А когда такой дождь шёл в Выхвостове, то жальче всего было цветы, рассаженные Александрин вдоль дома. Неправдоподобно крупные пионы и маки вот-вот грозились лечь под ударами воды и больше никогда не подняться. Но всё равно поднимались и становились ещё краше, точно как их хозяйка. В такой дождь в Выхвостове приятнее всего было сидеть в рабочей комнате Александрин и смотреть на фотографическую карточку матери, единственную, в резной рамке, ателье Крижевского с орлом в нижнем углу. Она стояла на письменном столе, а поскольку Александрин никакой работой никогда не занималась, то захватив этот стол, я добавил карточки Достоевского, Сен-Симона и Клавдия.
Клавдий, честный Клавдий, честный и недалёкий. Мы гуляли с ним по выхвостовским тропинкам часами, забирались в самую глушь, за Сгиб, на горбыли, которые все считали древлянскими курганами, и говорили, говорили, говорили. Клавдий считал, что лучшего места, чем Долгая Просека, и не придумаешь: “Даже делать ничего не нужно. На него может упасть дерево. Или смерть на охоте”. Он искренне полагал, что главное – избавить мир от такой сволочи, как мой отец, что мир станет чище. Чище-то чище, но что проку в банальном убийстве? И в конце концов Клавдий согласился. Он даже съездил в Тифлис на поиски Сосо, но Сосо был уже в Баку, а в Баку была нефть и бешеные лёгкие деньги, которых на склоне жизни так не хватало отцу, так что всё устроилось само собой и как нельзя лучше. Сам Сосо от акции брезгливо уклонился: “Нэ тем у тэбя башка забит”, – но помог – и людьми и деньгами. Клавдий рвался сам, и я склонен был согласиться, но тут князь Варсонофий Степанович Ирунакидзе внезапно убыл в Петербург, и пришлось ждать, а потом Клавдия судили партийным судом чести и мы больше никогда не увиделись, а потом он погиб, и мне пришлось искать Тера и найти его.

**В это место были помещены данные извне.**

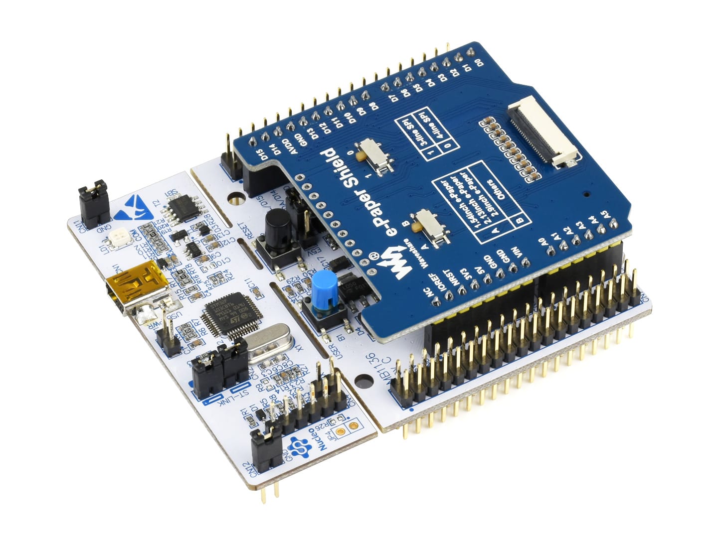 Stacks directly onto an Arduino Uno or Mega, utilizing the SPI and digital pins for control. This provides a clean, integrated hardware platform for developing and deploying E-Paper applications.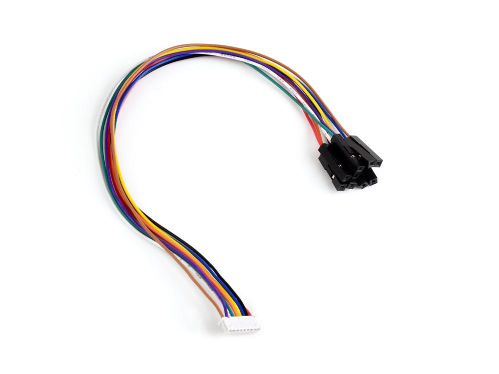 Levereras med kopplingskabel till 9x dupont hylsor (används för andra mikrokontrollers än Raspberry Pi) samt skruvar och distanser.

Да, но почему Ульянов не обмолвился и словом об убийстве Корвина? Не знает? Этого не может быть. Веледницкий не мог ему не сказать. Не интересуется? Ещё более невероятно. Да, и о самом Корвине – ни звука. Не успел? Да, вероятнее всего, просто не успел. Что ж, ответ мне ему дать придётся, жаль только, что он ему не понравится».
* * *
– Степан Сергеевич, а вам телеграмма.
Доктор Веледницкий стукнулся интеллигентно, дважды и очень глухо, но всё равно привёл Маркевича в состояние некоторого изумления: на жилых этажах он видел доктора впервые. Судя по темным пятнам на плечах и рукавах пиджака, Веледницкий только что был на улице
– Я попробовал расписаться там за вас, не обессудьте. Расписаться-то удалось, да только телеграмму мне почтальон всё одно не отдал. Так что вы уж спуститесь, сделайте одолжение. Porta itineri longissima, – он улыбнулся.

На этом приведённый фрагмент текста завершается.